So here's my story, sorry that it's so long but I felt that some background is necessary. I'm currently a junior at my university, and I really haven't made any friends. I've made a lot of acquaintances from semi-regularly attending some school groups, but no real friendships. Part of the blame I think is on me for just being really introverted and uncomfortable in large groups of people. Another part of it I think is the fact that I never lived in a dorm, for the past two years I've commuted from home.
This never really bothered me until around mid fall term in my sophomore year, when I was considering moving on campus and going to counseling to deal with my lack of comfort around strangers and such, however at this time I met my now ex-girlfriend. We hit it off great, became best friends and spent nearly every day together for rest of the school year, as she hadn't made many other friends either. I didn't really focus on making other friends because I had her, and that was all that mattered to me. We got really serious, to the point where we would talk about moving in together at some point.
Then this current term came about. She made a lot of friends on her floor, and had an 18 credit course load for the first time, so she had a lot less time for me. This sort of upset me as I guess I had become dependent on her. We spent less time together, but our relationship was still ok. However in the middle of November she said she wanted to go on a break. She was going to counseling about a disorder she had, and she wanted to figure out where her stress was coming from, thus causing this disorder. So I went along with it because I had urged her to get help, and I wanted her to get better.
Then the 28th of November rolled around, our 13 month anniversary, and she broke up with me. We've been talking over the past few days, and there were a few reasons. The first of all was that she felt that she couldn't be in a relationship at the time because she couldn't be codependent, as she is still sorting out her issues in counseling.
The second was because she said she didn't feel as strongly for me as she used to. She said she still had romantic feelings for me, that she loved me more than anyone outside of her family, and that I would be the first person she would think of once she felt capable of being in a relationship, but that we couldn't stay in the current one, and that we couldn't start over now. I'm not sure, but this might be due to the fact that she felt I was too dependent on her, as I didn't really have any other friends to spend time with.

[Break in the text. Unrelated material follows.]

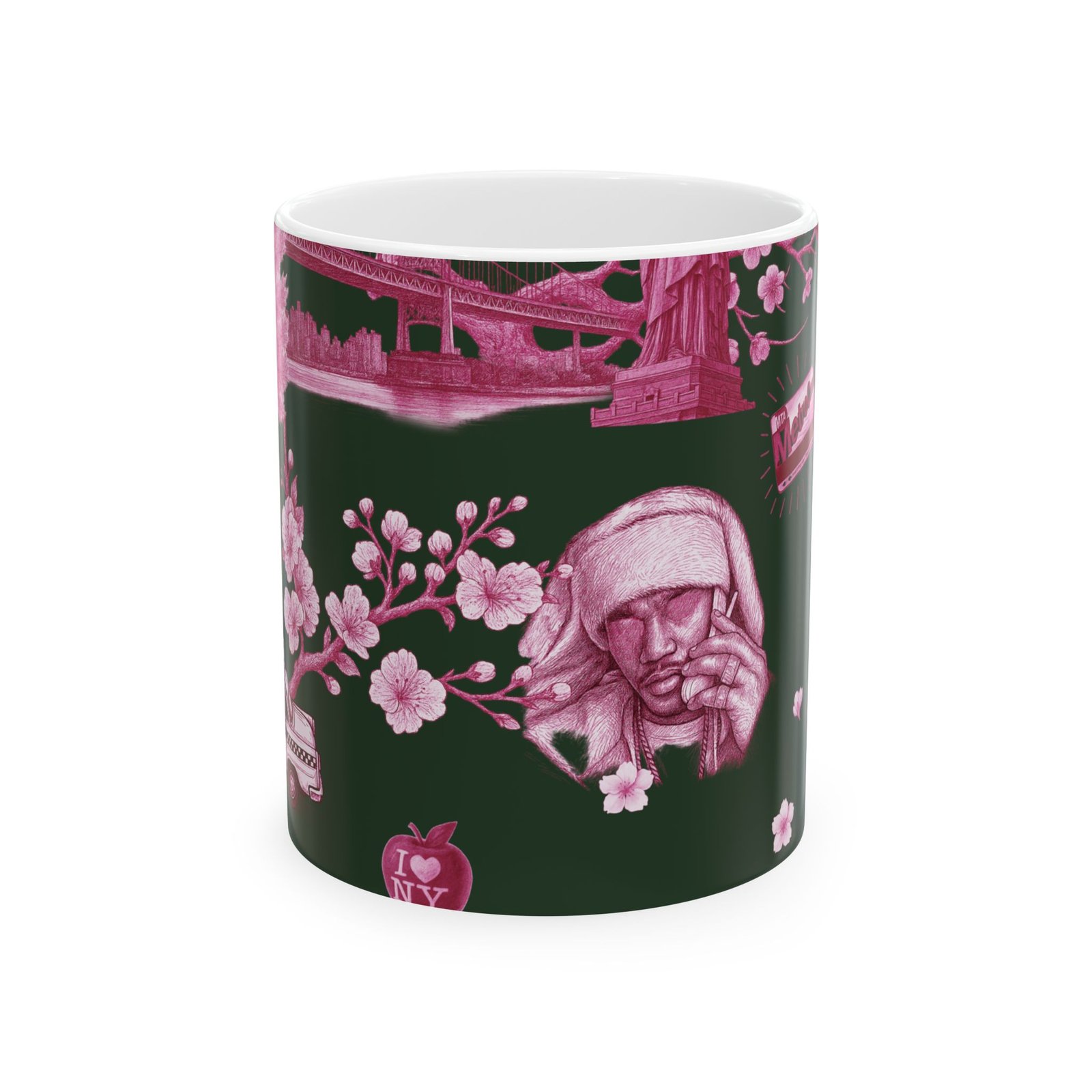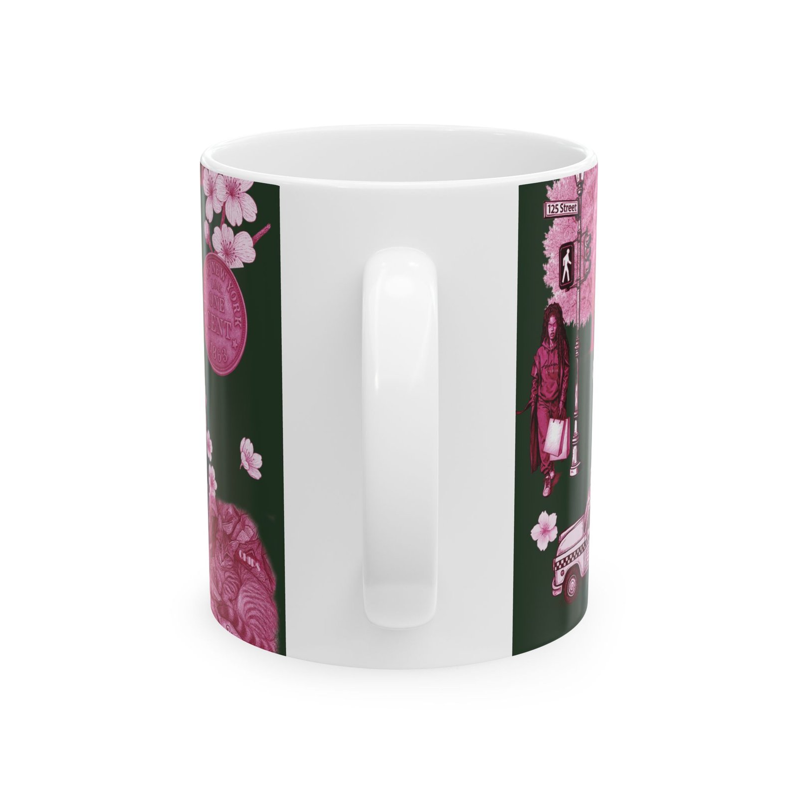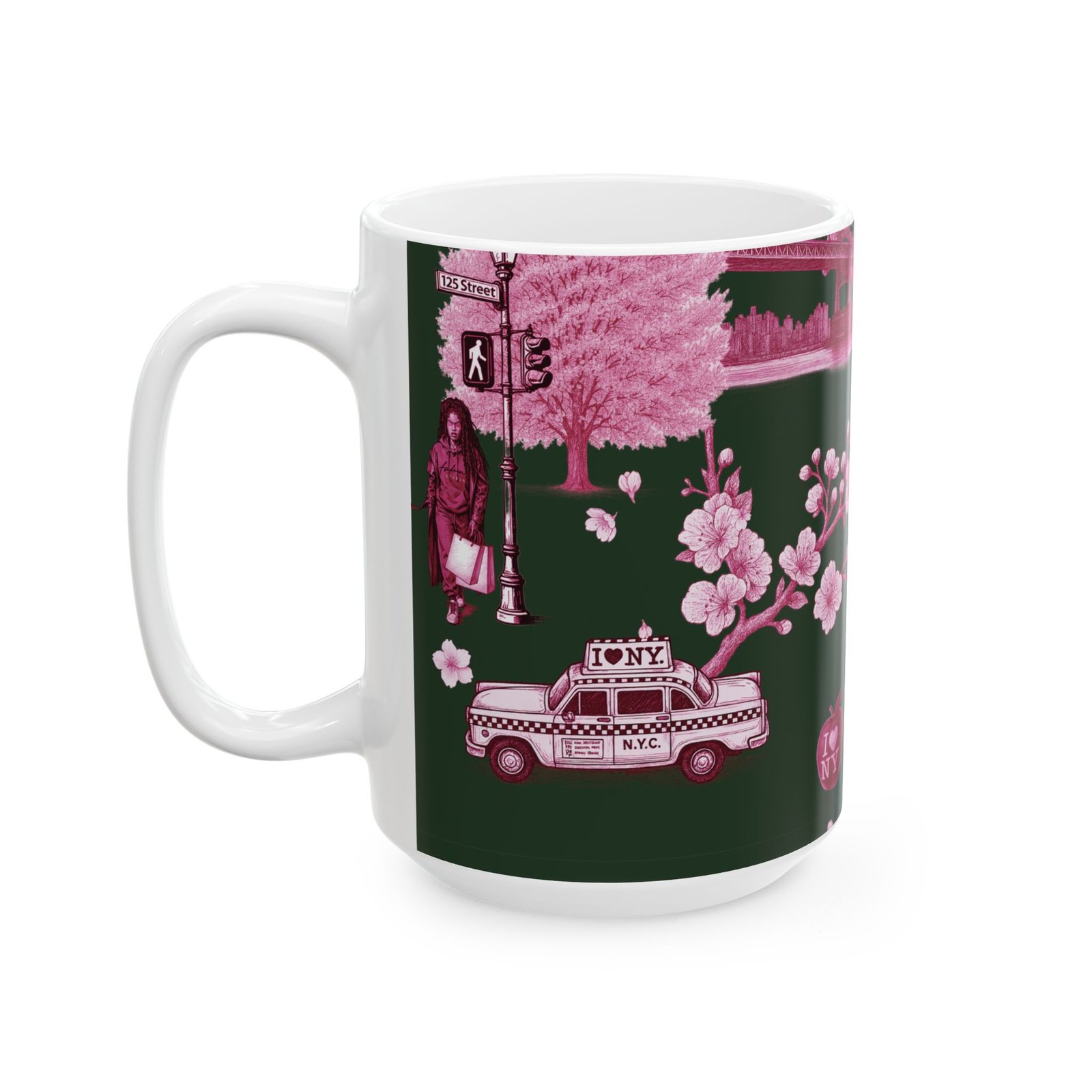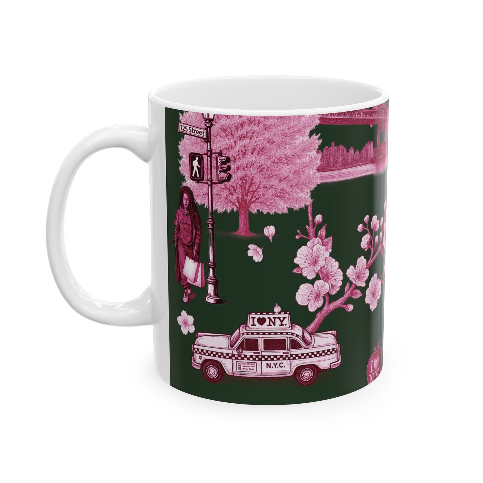 Steam rises from a city morning — warm coffee in hand, neon-pink blossoms soft against a deep forest backdrop. This 11 oz ceramic mug carries a small-city romance: skyline motifs, a classic taxi, and quiet park scenes rendered in moody pinks. It feels like a walk through early spring streets, phone tucked away, noticing the little scenes that make a neighborhood feel like home. For someone who treasures urban quiet, dusk walks, and the slow ritual of a morning brew, this mug brings that feeling to the kitchen counter.

So here I am, girlfriendless, and with only one real friend, and I want to improve my social life. I want to do this partly because I realize I'll be happier if I do, partly because I want to be a better person when my ex gets things sorted out. I still hold hope for us because we had an incredibly deep relationship, and I don't want to give up on it if there's hope. I also want to do this because I don't want this dependency to become a problem with any other future girlfriends if things with my ex don't work out.
First, I feel like I need to move out of my house. I have two options, but I'm not sure which is best. I could try to move into a dorm, because I feel that if I did so, I'd have a much better opportunity at making friends just by leaving my door open and seeing the same people often. However I'm afraid I might seem kind of like a loser living in a dorm my senior year (although I'm probably going to end up being a fifth year senior). And there's also the disadvantages of dorm life, like communal bathrooms, sort of cramped living space and having to get a meal plan, and the possibility that I might not be able to do that until my senior year.
The other choice is getting an apartment near campus. The obvious advantages of this are having much nicer accommodations and being able to move much sooner. I don't think I'd have the same number of opportunities to make friends though.
Also, can anyone recommend any self-help books on developing better social skills? Or any techniques anyone used to just be more outgoing? I'm not asking for people to just tell me "Just talk to people", as I can do that, but I never have anything to say and things get awkward.
So basically, the TL;DR version, would it be better for me to move into a dorm or into an apartment in an attempt to make more friends? Can I manage to build a social life before graduating?